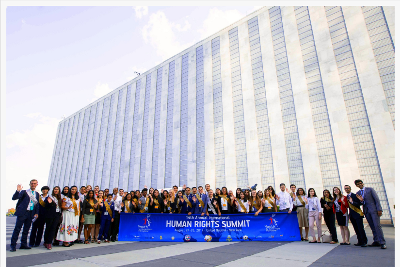
Youth delegates to the 14th annual Human Rights Summit organized by Youth for Human Rights International at the United Nations in New York

In 2001, Shuttleworth, a lifelong human rights advocate and educator, was deeply troubled by the state of human rights in the post-9/11 world. Learning that 90 percent of those surveyed were unable to name more than three of the 30 rights granted by the Universal Declaration of Human Rights she
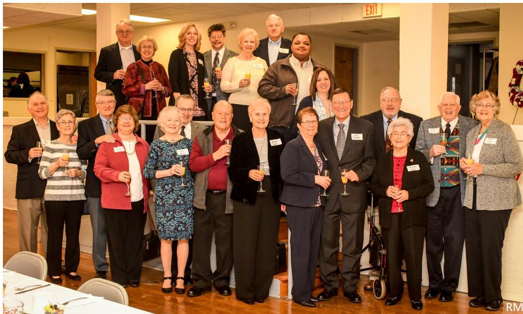
SPECIAL ANNIVERSARIES CELEBRATION
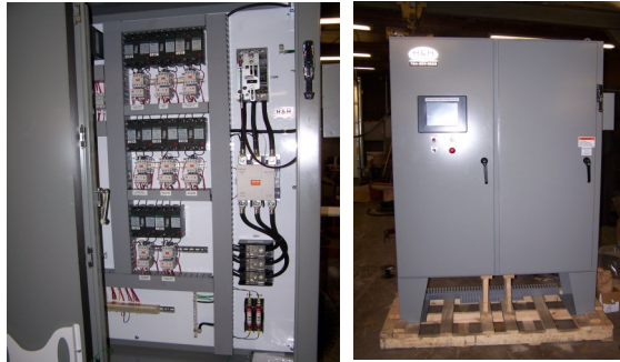
Advanced HMI touch panel control for a tire shredding plant

Using advanced programming software we can develop operator interface programs that will run on touch screen technology. This technology will do multiple tasks that are currently done with mechanical pushbuttons, lights, and switches; thus reducing the chance of mechanical failure. This is a great benefit saving you both time and money.
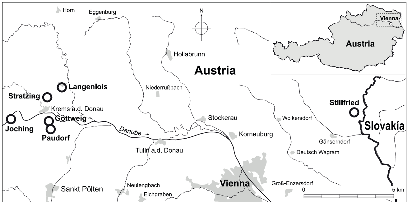
Fig. 1. Study sites in Lower Austria.
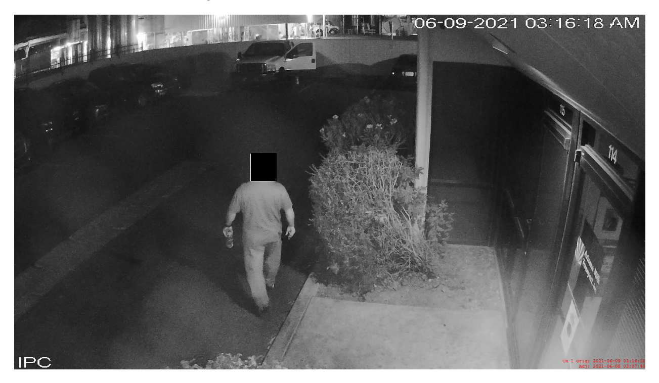
Figure 10. 06/08/2021, 03:07:48 - Driver leaves office.
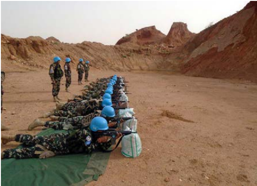
Nepalese Force Reserve Company (NEPFR-CXII) conducting Live Firing Exercise in GoS Military 6 Division Firing range.

Operational readiness of any force is gauged through the level of training being conducted. In UN's environment, different countries participate with various levels of operational readiness. Therefore, conduct of multinational operations within
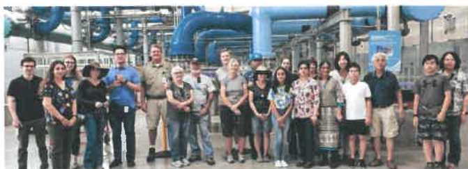
Attendees learn about purified water during a public tour of the Silicon Valley Advanced Water Purification Center.
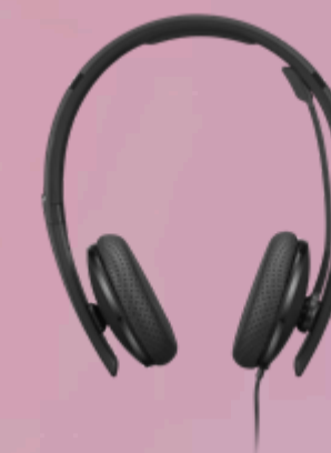
Lenovo Wired VoIP Headset (Teams) 4XD1M45626
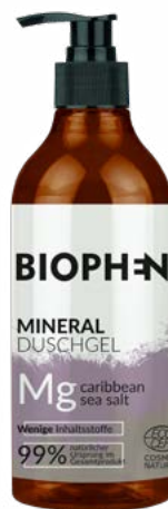
Mineral Shower Gel caribbean sea salt, 300 ml
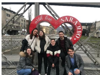
Caption 25 – Sarajevo

The currency of Montenegro is euro so save some if you plan on going there! Kotor is just about 2 hours away from Dubrovnik by bus.
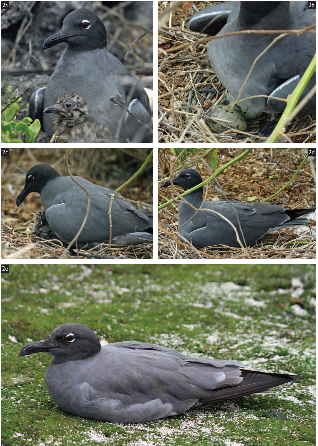
Figure 2. The white line along the curve of the wing contrasts against the dark plumage of the adult gull. It is visible when gulls are incubating, and can help distinguish nesting gulls (above) from resting gulls (bottom) (K. Thalia Grant)
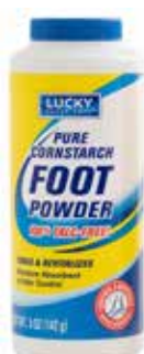
Foot Powder, Medicated Item No. 1240 $7.60
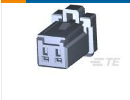
TE Part #1-1871465-2 DYNAMIC 1200S REC HSG 2P X BLA
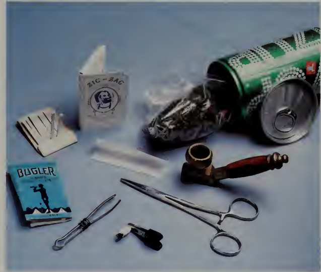
Marijuana paraphernalia includes rolling papers, clips, and pipes.
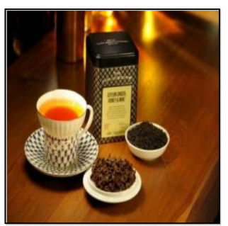
Silver Jubilee Ceylon Ginger, Honey & mint
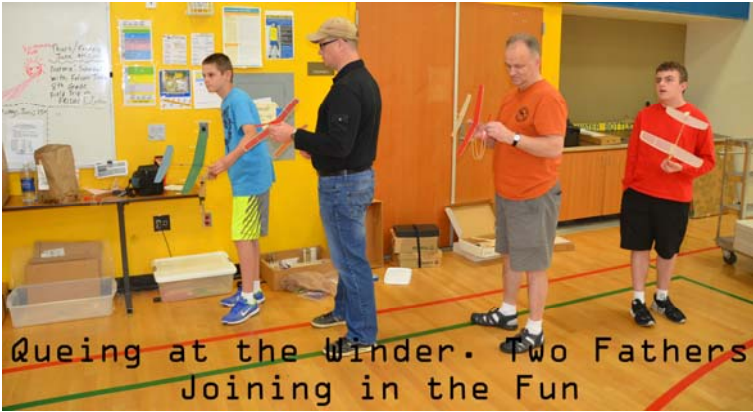
Queuing at the Winder. Two Fathers Joining in the Fun
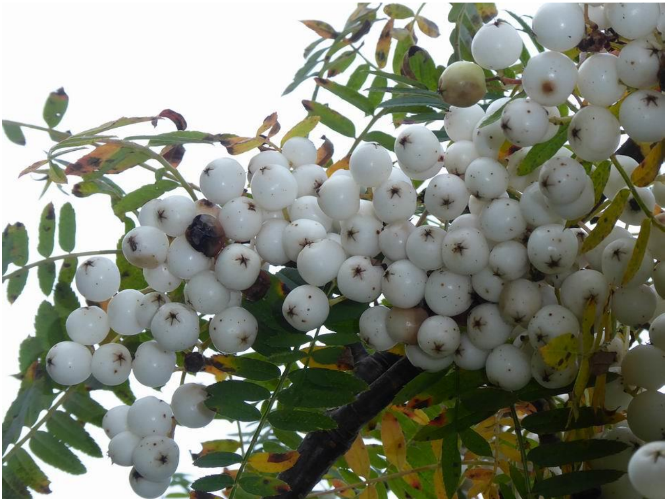
Sorbus fruticosa 'Koehneana'.

There is also a good crop of Cotoneaster berries which ripen later to provide a food source for the birds when they have eaten all the other berries such as Sorbus.
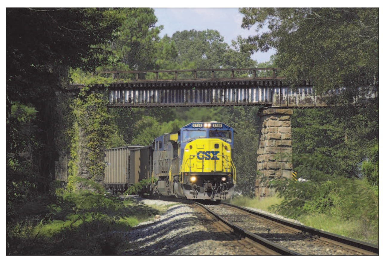
On Norfolk Southern Rail, an eastbound coal train from the North River mine passes beneath the Cane Creek branch, lead by CSX power. The lead unit, #8758, is a former Conrail SD60M. The NS trackage is a remnant of the original Georgia Pacific that connected Atlanta with Greenville, MS. The trackage from Columbus, MS to Greenville was later sold and became the Columbus & Greenville Railway.
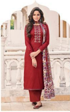
❁ 2000 ❁
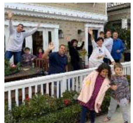
Island families gather to watch the cart parade
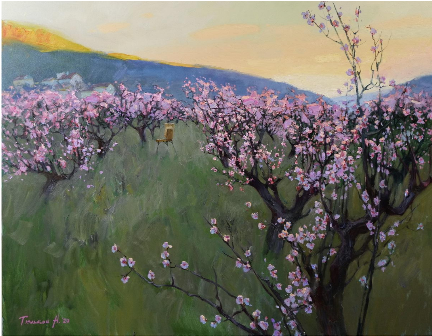
Evening in the Garden
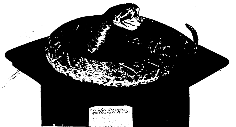
THE AMERICAN RATTLESNAKE This reptile derives its name from an appendage of eight or nine loosely connected horny rings, which it bears at the end of its tail, the shaking of which makes a noise like a rattle. This is one of the most deadly snakes known, and it is found all over the United States in mountainous places. It also enters Canada.

■ **About this exercise**:
Output, line for line and exactly, the records above from their first line through the one with "The currency of", both ends included, but no pictures.

■ **Answer space**:
Youth delegates to the 14th annual Human Rights Summit organized by Youth for Human Rights International at the United Nations in New York

In 2001, Shuttleworth, a lifelong human rights advocate and educator, was deeply troubled by the state of human rights in the post-9/11 world. Learning that 90 percent of those surveyed were unable to name more than three of the 30 rights granted by the Universal Declaration of Human Rights she
SPECIAL ANNIVERSARIES CELEBRATION
Advanced HMI touch panel control for a tire shredding plant

Using advanced programming software we can develop operator interface programs that will run on touch screen technology. This technology will do multiple tasks that are currently done with mechanical pushbuttons, lights, and switches; thus reducing the chance of mechanical failure. This is a great benefit saving you both time and money.
Fig. 1. Study sites in Lower Austria.
Figure 10. 06/08/2021, 03:07:48 - Driver leaves office.
Nepalese Force Reserve Company (NEPFR-CXII) conducting Live Firing Exercise in GoS Military 6 Division Firing range.

Operational readiness of any force is gauged through the level of training being conducted. In UN's environment, different countries participate with various levels of operational readiness. Therefore, conduct of multinational operations within
Attendees learn about purified water during a public tour of the Silicon Valley Advanced Water Purification Center.
Lenovo Wired VoIP Headset (Teams) 4XD1M45626
Mineral Shower Gel caribbean sea salt, 300 ml
Caption 25 – Sarajevo

The currency of Montenegro is euro so save some if you plan on going there! Kotor is just about 2 hours away from Dubrovnik by bus.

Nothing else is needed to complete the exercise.